There is good evidence to suggest that offering support and treatment is sufficient to motivate some smokers to attempt to stop who would not have done so with brief advice to quit alone. For example, a Cochrane review that included 132 trials of nicotine replacement therapy (NRT), with over 40,000 people in the main analysis, found evidence that all forms of NRT made it more likely that a person's attempt to quit smoking would succeed. The chances of stopping smoking were increased by 50 to 70 per cent.
NHS Stop Smoking Services, combine psychological support and medication. Results for April 2012 to March 2013 showed that 724,247 people who had contact with the service had set a quit date. Four weeks later, 373,872 people had successfully quit (based on self-report) representing half of those who set a quit date.

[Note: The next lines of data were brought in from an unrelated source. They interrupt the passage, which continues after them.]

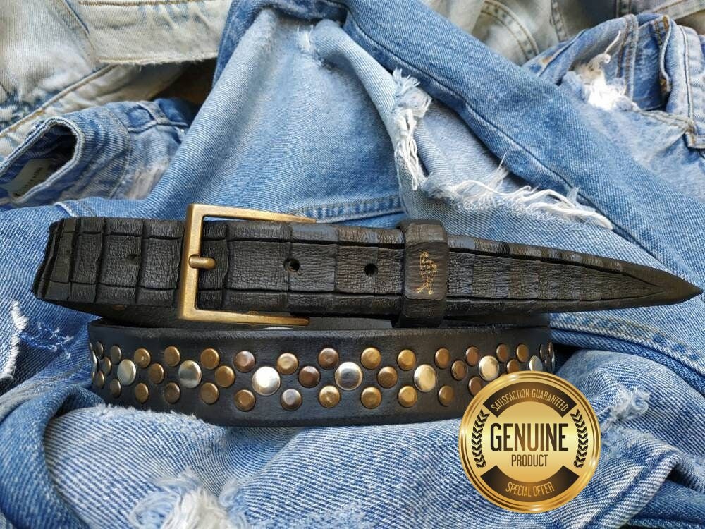 Made from premium full grain leather.Only the tail of the belt is crafted in a reptile kind of look. All the cuts are carefully made by hand with razor sharp knives and after dyed in a black color. After the dying process, I finished the belt with wax to endure the color of this beautiful piece.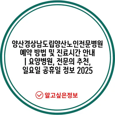 양산경상남도립양산노인전문병원 예약 방법 및 진료시간 공지 | 요양병원, 전연락 추천, 일요일 공휴일 정보 2025 에 대해 자주 묻는 질문 TOP 5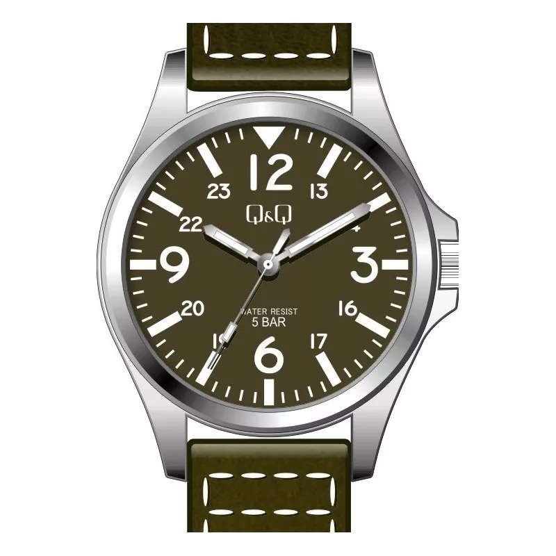 Q&Q férfi szíjas quartz karóra, ezüst színű tok, barna szíj, barna számlap, QB12J345Y

'An offer of support and treatment' means offering a referral or self-referral to a local NHS Stop Smoking Service adviser (who might be a member of the practice team) plus pharmacotherapy. Where such support is not acceptable to the patient, an alternative form of brief support, such as follow-up appointments with a GP or practice nurse trained in smoking cessation, may be offered.
The NICE public health guidance on smoking cessation states that healthcare professionals who advise on, or prescribe, NRT, varenicline or bupropion:
1. Offer NRT, varenicline or bupropion, as appropriate, to patients who are planning to stop smoking
2. Offer advice, encouragement and support, including referral to the NHS Stop Smoking Service
3. When deciding which therapies to use and in which order,discuss the options with the client, and take into account:
The guidance also states that managers and providers of NHS Stop Smoking Services:
1. Offer behavioural counselling, group therapy, pharmacotherapy, or a combination of treatments that have been proven to be effective.

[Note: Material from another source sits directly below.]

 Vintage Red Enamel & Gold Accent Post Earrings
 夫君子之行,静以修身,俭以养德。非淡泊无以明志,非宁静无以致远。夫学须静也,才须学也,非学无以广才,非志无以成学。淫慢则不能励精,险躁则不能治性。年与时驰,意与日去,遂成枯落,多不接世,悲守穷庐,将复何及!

2. Ensure clients receive behavioural support from a person who has had training and supervision that complies with the "Standard for training in smoking cessation treatments" or its updates
3. provide tailored advice, counselling and support, particularly to clients from minority ethnic and disadvantaged groups
4. Provides services in the language chosen by clients, wherever possible.
NICE public health guidance also states that stop smoking advisers and other healthcare practitioners who advise on, supply, or prescribe, pharmacotherapies should encourage people who are already using an unlicensed nicotine-containing product (such as unlicensed electronic cigarettes) to switch to a licensed product.

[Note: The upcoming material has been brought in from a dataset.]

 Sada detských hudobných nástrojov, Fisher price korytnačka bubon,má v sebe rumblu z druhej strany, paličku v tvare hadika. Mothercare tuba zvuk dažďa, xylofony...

Due to the potential for ex-smokers to resume smoking within three years of cessation, it is good clinical practice to ask patients with a history of smoking their current smoking status and offer treatment and advice where necessary. It is also good practice to ask and record the smoking status of newly registered patients and to offer support and treatment where necessary.
For further information see NICE public health guidance 1, 10, 45 and 48.
SMOK 004.2 Reporting and verification
See indicator wording for requirement criteria.
There is no APDF calculation for SMOK003 and SMOK004.